[Provided material — start]

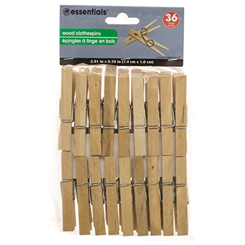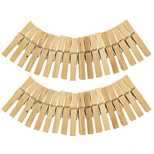 Standart Natural Wooden Clothespins, 2.9 inch Wood Clothespins with Coil Spring, Pack of 36. (36)
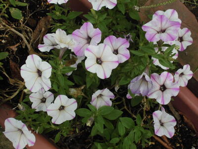 ( ↓ 色とりどりのアサガオの花が、立体的に咲いています。)
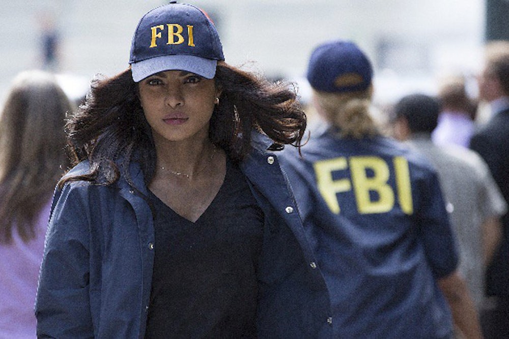 ABC’s new FBI drama, Quantico, starts with a bang in the debris of midtown Manhattan, where a terrorist attack has just obliterated Grand Central Station. Amidst sirens and falling ash, the camera hones in on a brown arm and hand, manicured, dusty, waiting to be identified and possibly rescued. On the woman’s stiff wrist, we can make out a bracelet bearing an “om” pendant. The hand belongs to Priyanka Chopra, Quantico’s lead and the first Indian actor to star in a primetime drama on American TV.

[Provided material — finish]

Your goal: All of the material above is to be retyped verbatim, with its pictures omitted.

Result:
 Standart Natural Wooden Clothespins, 2.9 inch Wood Clothespins with Coil Spring, Pack of 36. (36)
 ( ↓ 色とりどりのアサガオの花が、立体的に咲いています。)
 ABC’s new FBI drama, Quantico, starts with a bang in the debris of midtown Manhattan, where a terrorist attack has just obliterated Grand Central Station. Amidst sirens and falling ash, the camera hones in on a brown arm and hand, manicured, dusty, waiting to be identified and possibly rescued. On the woman’s stiff wrist, we can make out a bracelet bearing an “om” pendant. The hand belongs to Priyanka Chopra, Quantico’s lead and the first Indian actor to star in a primetime drama on American TV.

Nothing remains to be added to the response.